Chinese Steam
Title | Chinese Steam PDF eBook |
Author | David Kitching |
Publisher | Amberley Publishing Limited |
Total Pages | 96 |
Release | 2017-12-15 |
Genre | Transportation |
ISBN | 1445676214 |
A stunning and evocative collection of images documenting the final years of steam locomotives on the railways of China.
To China for Steam
Title | To China for Steam PDF eBook |
Author | Robert Adley |
Publisher | Blandford |
Total Pages | 160 |
Release | 1983 |
Genre | Collection locomotives |
ISBN |
The Present Position of Ocean Steam Navigation, and Existing Government Contracts for Conveying Mails ..

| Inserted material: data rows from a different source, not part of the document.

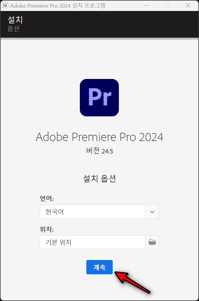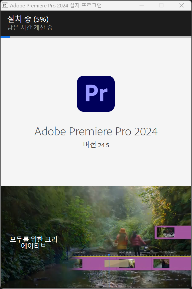 프리미어 프로 2024의 설치가 끝났습니다.
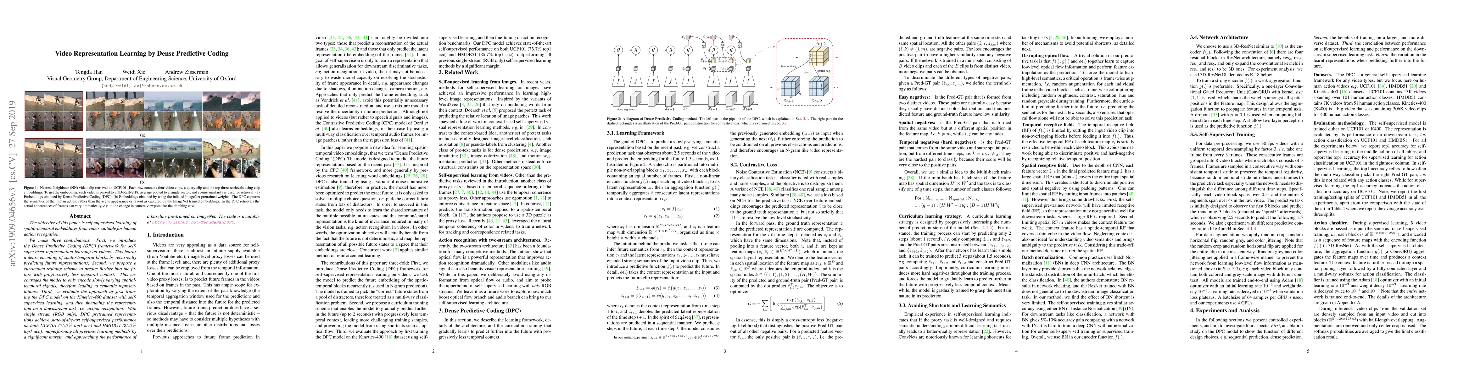 This paper introduces the Dense Predictive Coding (DPC) framework for self-supervised learning of spatio-temporal video embeddings, achieving state-of-the-art performance in human action recognition on UCF101 and HMDB51 datasets. It employs a curriculum training scheme to focus on slowly varying signals, leading to semantic representations.
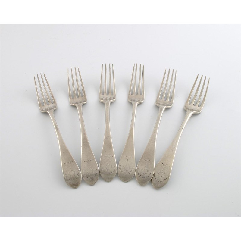 A matched set of six George III Scottish silver Celtic Point pattern table forks
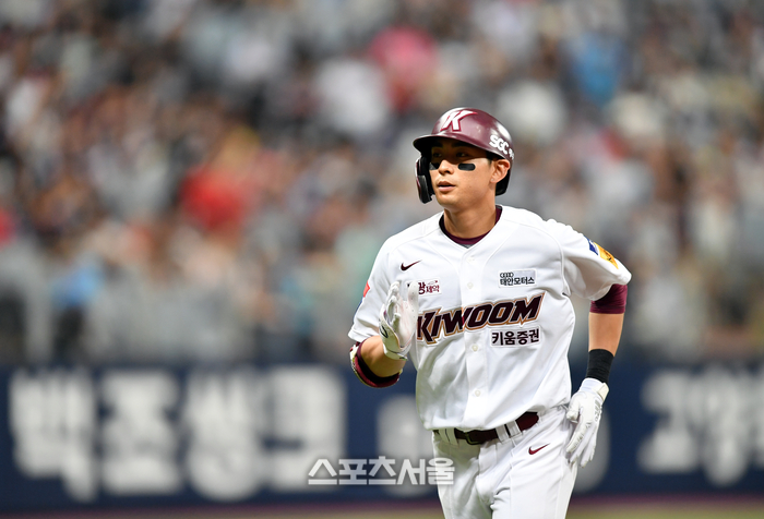 키움 3번타자 이정후가 27일 고척스카이돔에서 열린 2023 프로야구 키움히어로즈와 롯데자이언츠의 경기 4회말 선두타자로 나와 좌익수 플라이로 물러나고 있다. 2023.05.27.
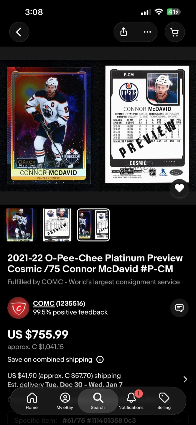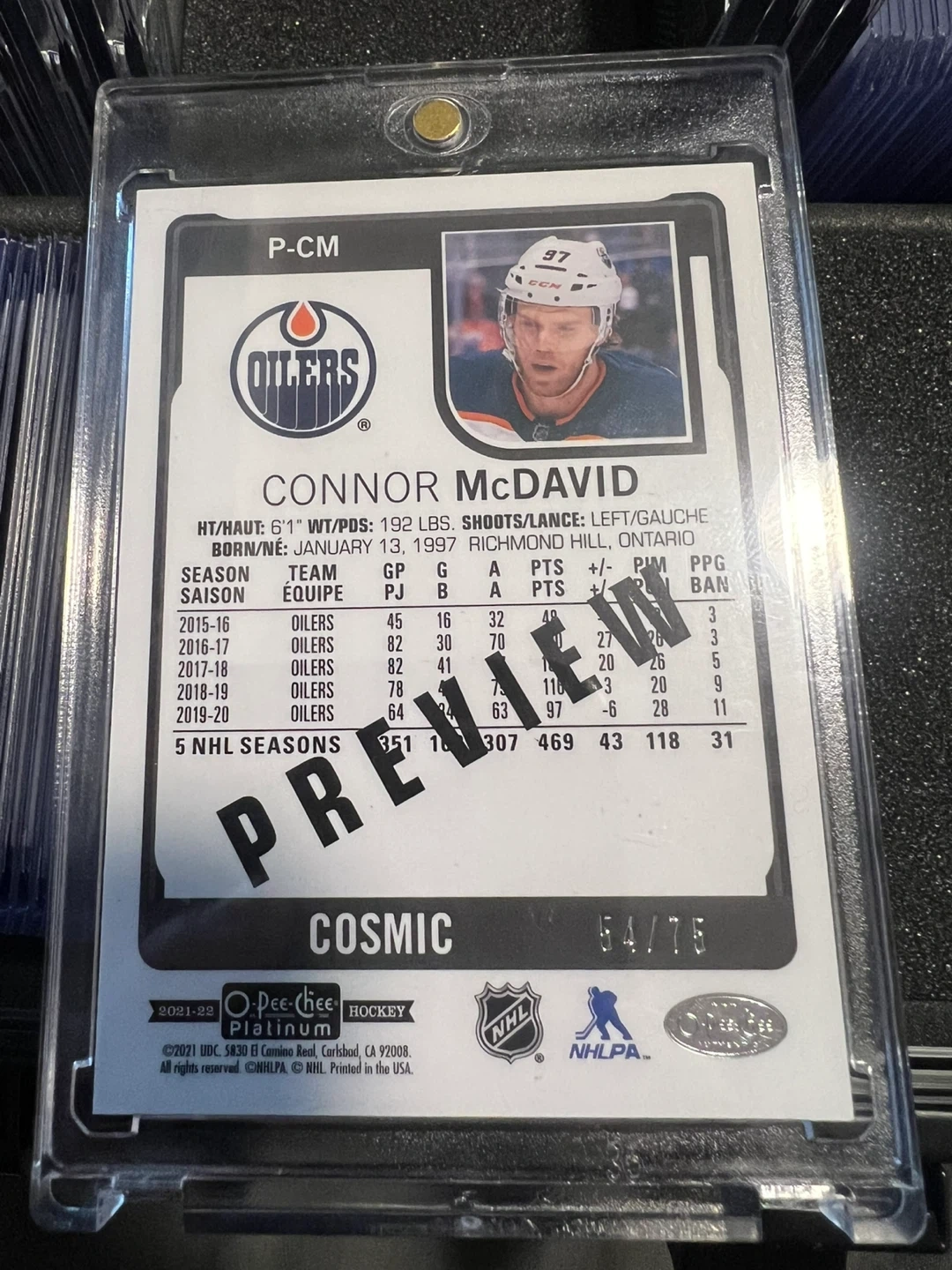Selling a Connor McDavid hockey card from the 2021-22 O-Pee-Chee Platinum. It’s a Cosmic Preview 54/75. It's in great condition and ready for a new collection! I’ve only ever seen 1 of these on the market! Very rare
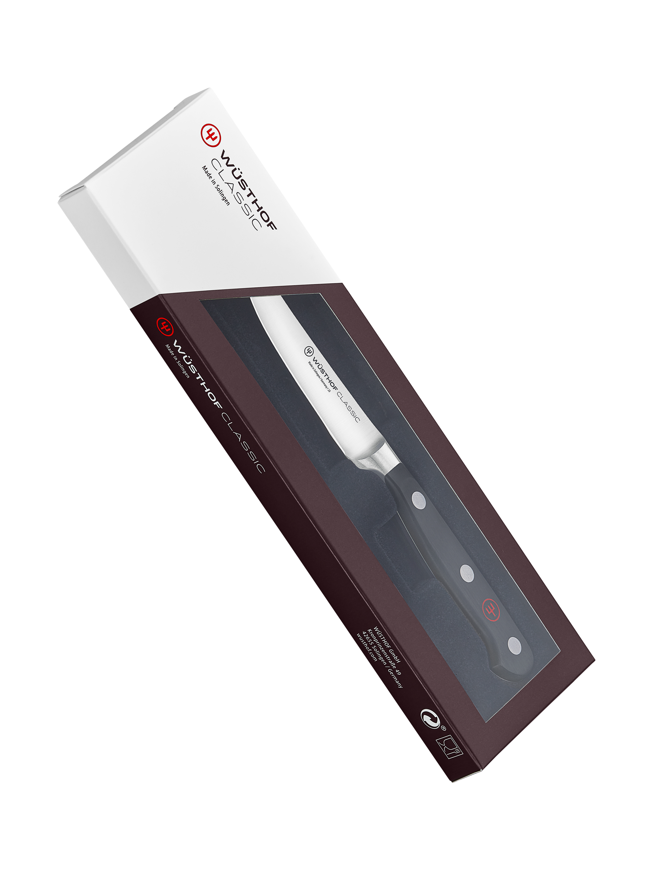 Developed in consultation with professional chefs, this paring knife from WÜSTHOF is an all-rounder for smaller foods and more detailed work. A nimble tool with a slim blade and plain edge, ideal for paring, trimming, coring, peeling and finely dicing.
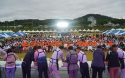 지난해 5월 전남 나주시 영산강 둔치체육공원 일원에서 열린 ‘제20회 영산포 홍어축제’ 현장에서 윤병태 나주시장을 비롯한 축제 참석자들이 홍어무침 행사를 하고 있다. [사진 나주시] 남도의 대표 음식인 숙성 홍어를 테마로 한 축제가 홍어 산지인 전남 신안…
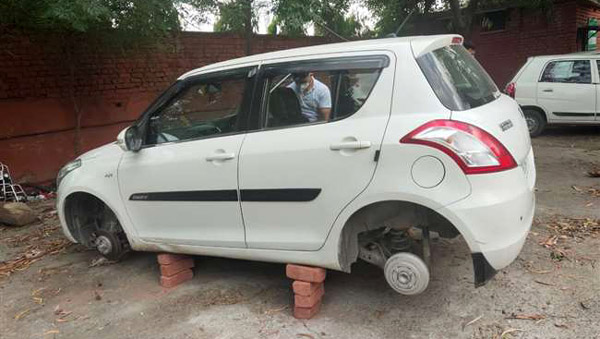 நள்ளிரவு, இருட்டை பயன்படுத்தி கொண்டு காரின் 4 சக்கரங்களையும் திருடர்கள் திருடி சென்றுள்ளனர். இதுதொடர்பாக மருத்துவமனை உயர் அதிகாரி டாக்டர் ராகேஷ் சர்பால் மூலம் போலீசில் புகார் அளிக்கப்பட்டுள்ளது. அவர்கள் விசாரணை நடத்தி வருகின்றனர் என கூறினார்.
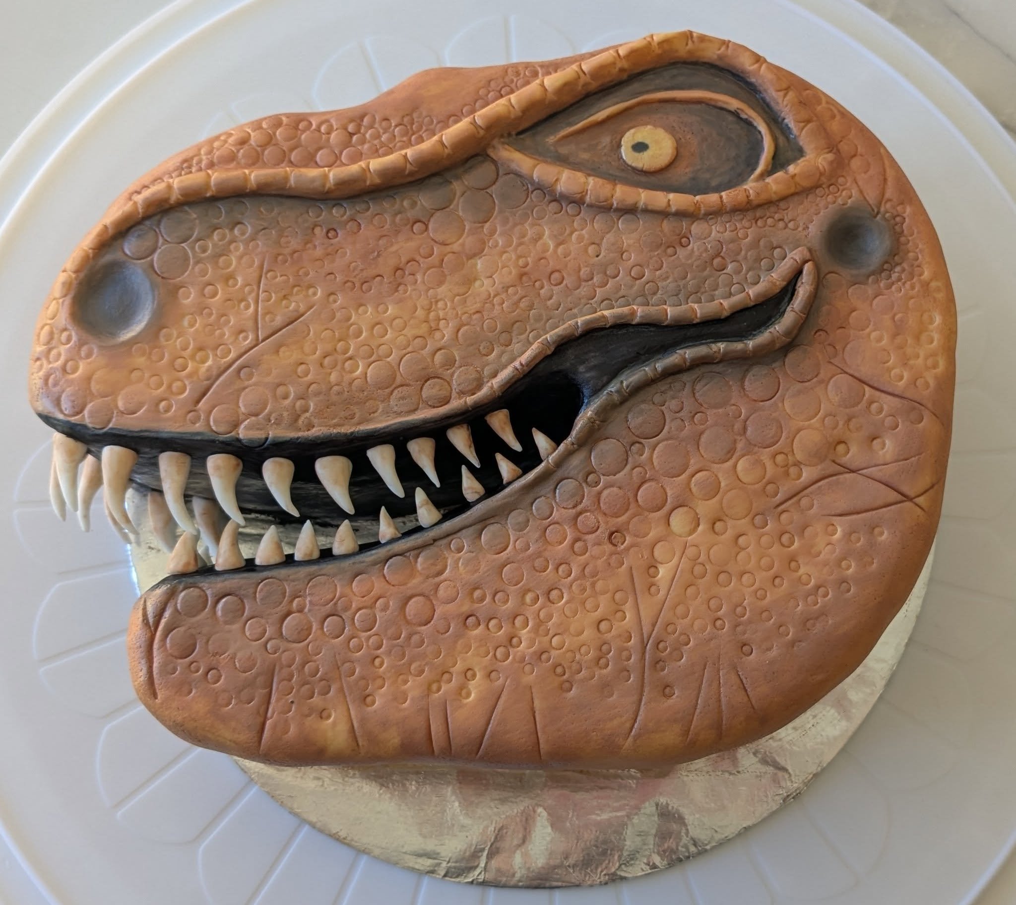 Made for a dinosaur fanatics 4th birthday, this T-Rex cake was made with a decadent chocolate Genoise Sponge, filled with a homemade dark Cherry Jam and Whipped double cream filling.

Title | The Present Position of Ocean Steam Navigation, and Existing Government Contracts for Conveying Mails .. PDF eBook |
Author | |
Publisher | |
Total Pages | 122 |
Release | 1848 |
Genre | Contracts, Maritime |
ISBN |
The World's Last Steam Trains
Title | The World's Last Steam Trains PDF eBook |
Author | Chris Davies |
Publisher | Key Publishing |
Total Pages | 132 |
Release | 2022-03-30 |
Genre | Transportation |
ISBN | 1802820655 |
China was the last country in the world to manufacture and operate steam locomotives. By the early 1980s, there were an estimated 10,000 operational steam locomotives in the country, but by the 1990s, diesel and electric locomotives started to replace them on the main lines and the number in service reduced substantially as the millennium approached. The last steam locomotives were finally withdrawn from China Rail in 2003. After that, some continued to operate heavy freight trains on local railways for a short while, but most were deployed for use on the country’s industrial railways, mainly at coal mines and steel works. This trend continued into the first decade of the 21st century, but subsequently, the number of steam engines in service declined substantially and were confined to just a handful of industrial locations. Steam rail operations in China are now facing extinction. The modernization of the railways with the switch from steam to diesel, the closure of unsafe and loss-making collieries and China’s drive to reduce pollution and combat climate change from burning coal, have all conspired towards the demise of the industrial lines operating steam in China. This book looks at the last of the standard-gauge steam operations in China, including Sandaoling, the last steam-worked opencast coal mine in the world; Fuxin, a coal-mining city in Liaoning Province, which until recently, operated the largest surviving fleet of SY locomotives; Baiyin, in Gansu Province, which operated some of the last steam-hauled passenger trains in the world; and Wu Jiu, a remote coal-mining outpost in Inner Mongolia. Beautifully illustrated with over 120 color photographs and a description of the operations, this is a striking portrait of the last of the world’s operating steam trains.
A Chronological History of the Origin and Development of Steam Navigation
Title | A Chronological History of the Origin and Development of Steam Navigation PDF eBook |
Author | George Henry Preble |
Publisher | BoD – Books on Demand |
Total Pages | 506 |
Release | 2023-12-19 |
Genre | Fiction |
ISBN | 3385104726 |
Reprint of the original, first published in 1883.
China and Japan
Title | China and Japan PDF eBook |
Author | James D. Johnston |
Publisher | |
Total Pages | 506 |
Release | 1860 |
Genre | China |
ISBN |
Steam Power and Sea Power
Title | Steam Power and Sea Power PDF eBook |
Author | Steven Gray |
Publisher | Springer |
Total Pages | 289 |
Release | 2017-09-25 |
Genre | History |
ISBN | 1137576421 |
This book examines how the expansion of a steam-powered Royal Navy from the second half of the nineteenth century had wider ramifications across the British Empire. In particular, it considers how steam propulsion made vessels utterly dependent on a particular resource – coal – and its distribution around the world. In doing so, it shows that the ‘coal question’ was central to imperial defence and the protection of trade, requiring the creation of infrastructures that spanned the globe. This infrastructure required careful management, and the processes involved show the development of bureaucracy and the reliance on the ‘contractor state’ to ensure this was both robust and able to allow swift mobilisation in war. The requirement to stop regularly at foreign stations also brought men of the Royal navy into contact with local coal heavers, as well as indigenous populations and landscapes. These encounters and their dissemination are crucial to our understanding of imperial relationships and imaginations at the height of the imperial age.